Durée de lecture estimée : 13 minutes
Auteure : Cindy Balavoine

Il est trois heures du matin, il fait nuit noire dehors et pourtant, une lumière éclaire mon visage en pleurs. Des larmes ruissellent sur mes joues, incontrôlables. Mon cœur est brisé en mille morceaux et rien ne me motive à le recoller. Je n’ai pas fermé l’œil de la nuit. Je suis assise sur mon lit, les yeux rivés sur mon téléphone. Laurie me manque terriblement.

Aujourd’hui, cela fait un an jour pour jour que ma sœur a disparu lors d’un voyage en Grèce. Que s’est-il passé ? Personne ne le sait, et cette incertitude me ronge. Depuis cette journée fatidique, je passe mes nuits à parcourir son Instagram, caressant la dernière photo qu’elle a postée le jour de sa disparition. Elle partait en randonnée dans la région de Thessalonique. Elle n’est jamais revenue. Les autorités ont fouillé chaque centimètre carré sans aucune trace d’elle. Mon père et moi avons vécu des mois d’incertitude et de remords. Ce sentiment d’impuissance est douloureux, culpabilisant. Est-elle toujours en vie ? Reverrais-je un jour son sourire, sa joie de vivre ?

Chaque jour, c’est la même scène qui se répète. Je scrute cette dernière photo de Laurie, cherchant des indices dans son sourire, dans le paysage derrière elle, dans la lumière du jour qui éclaire son visage. Rien. Juste une image figée dans le temps, une sœur disparue sans laisser de trace. Je revis les appels frénétiques aux autorités, l’espoir qui s’amenuise jour après jour, et cette culpabilité insupportable qui me ronge.

Les clients de La Cantine de Clochemerle, un petit restaurant dans la charmante ville de Saint-Aulaye-Puymangou, où je suis serveuse, trouvent que je me suis éteinte. Ils ne le disent pas toujours à haute voix, mais je peux le lire dans leurs yeux et dans leurs murmures. Les commérages vont bon train : « Pauvre petite Delacroix… plus aucune figure féminine à qui se référer ! » ou « Elle a de sacrées baloches sous les yeux, la gamine ! Va falloir qu’elle se fasse une raison… ». Ils compatissent, mais ne sont pas toujours délicats. Parfois, je fais la sourde oreille, et d’autres fois, je m’assure qu’ils se souviennent de moi. J’ai de la chance que Pierrick, mon patron, soit un ami de longue date de mon père et que le personnel ne se trouve plus facilement. Il apprécie moyennement mes ronchonneries du quotidien et encore moins mes petites piques douteuses qui ont pour unique objectif de me venger : « Du fromage, Madame Valoir ? Vous êtes sûre ? Ce n’est pas très bon pour vos hanches déjà bien développées ! ».

Paraît-il que madame Valoir pardonne mon indélicatesse pour cette fois. Pfff, et la sienne d’indélicatesse ? Qui lui pardonne ? Certainement pas moi…

Chaque journée passée à La Cantine de Clochemerle est une épreuve. Les clients sont pour la plupart des habitués, et ils ont tous connu Laurie. Elle était la plus sociable de nous deux, toujours prête à engager la conversation, à faire rire. Moi, je suis plus du genre à rester dans l’ombre, à observer. Depuis sa disparition, cet équilibre a été brisé, et je me sens comme un navire sans gouvernail.

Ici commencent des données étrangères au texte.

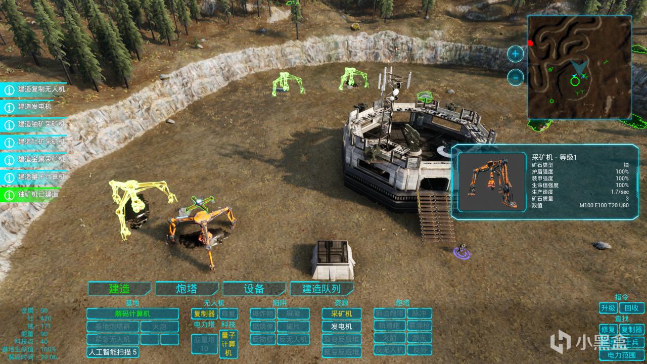 先来说说塔防建造和RTS部分,玩家初期需要通过无人机建造采矿机,进行采集并管理三种资源:金属矿、铀矿、钍矿,每种资源直接影响炮塔建造、弹药补给与科技研发等。除了矿产资源外还有能量,需要通过建造发电机获得。有点小时候玩的《红警》那味道。
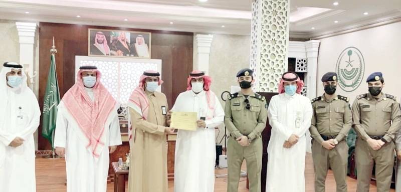 المورقي مكرماً أحد المتطوعين. (عكاظ)

Ma sœur me manque tellement. Elle était mon bouclier, ma lumière. Sans elle, j’avance à l’aveugle dans un monde que je n’ai jamais bien compris. Je lis et relis son dernier message, envoyé la veille de sa disparition. Il est énigmatique : “Ton tour viendra, je t’aime.” Avait-elle trop bu ? Était-elle partie avec un inconnu ? J’ai élaboré des millions d’hypothèses, aucune ne fait sens.

Laurie avait soigneusement préparé son voyage et elle était partie seule, comme elle le faisait très souvent ! Je me souviens avoir voulu m’inviter plus d’une fois en me faisant envoyer balader. Elle aimait sa solitude, ces moments où elle se prouvait qu’elle pouvait tout accomplir seule. Pourtant, si j’avais été là, peut-être ne serions-nous pas dans cette impasse. Ma sœur était plutôt du genre guerrière, prête à se lancer le défi de grimper l’Everest, alors que moi, je suis plutôt Netflix et paquet de chips. C’était une aventurière, une passionnée, elle tenait ça de notre mère. Maman est décédée alors que j’avais huit ans. Elle aussi aimait partir seule. Elle est morte dans un accident de la route lors d’un pèlerinage en Inde. Laurie avait quinze ans et a vite pris le relais. Aujourd’hui, sans elle, je me sens comme un bateau à la dérive, sans cap et sans boussole, attendant de sombrer pour enfin mettre un terme à cette errance.

Les larmes me montent de nouveau aux yeux. Je ne suis pas une grande pleureuse, mais ces derniers mois, je ne peux pas m’en empêcher. Une autre notification éclaire mon téléphone. Je laisse couler quelques larmes de crocodile puis essuie mes yeux pour tenter d’y voir plus clair et lire le message de Dorian, mon collègue. Comme une idiote, j’ai accepté de prendre son poste aujourd’hui pour éviter de rester seule à pleurnicher. À contre-cœur, je me lève, un poids immense dans la poitrine. Je me prépare rapidement, avec toute la grâce d’un éléphant dans un magasin de porcelaine. J’attache maladroitement mes cheveux en un chignon au sommet de ma tête. J’enfile un t-shirt noir et mon chino assorti. Je décide de prendre l’air avant mon service de 11h, histoire de sécher ces larmes et de ne pas me morfondre davantage. Je décide de sortir boire un café en terrasse. Le Café des Bavards ouvre tôt, je vais tenter de me vider la tête.

J’attrape mon sac et me dirige vers la sortie d’un pas décidé. Pourtant, en ouvrant la porte de mon appartement, je reste littéralement figée. Un petit paquet est soigneusement posé sur le pas de la porte avec une enveloppe portant mon prénom : Léna. Je regarde autour de moi, mais personne n’est en vue. Le paquet ne possède aucune étiquette, il est évident que quelqu’un l’a déposé en personne. Un livreur l’aurait laissé dans la boîte aux lettres ou aurait sonné. Mon cœur bat intensément. Je déglutis difficilement. Est-ce un colis piégé ? Je me gifle mentalement. Quelle idiote ! Tu te prends pour un agent du gouvernement en danger ?! Non, tu es Léna, serveuse, sans grand intérêt public ! Je dois avoir vingt abonnés Instagram et j’ai perdu mes identifiants Facebook ! Non, vraiment, le risque d’attentat est limité. Je regarde de nouveau autour de moi. Il n’y a pas âme qui vive.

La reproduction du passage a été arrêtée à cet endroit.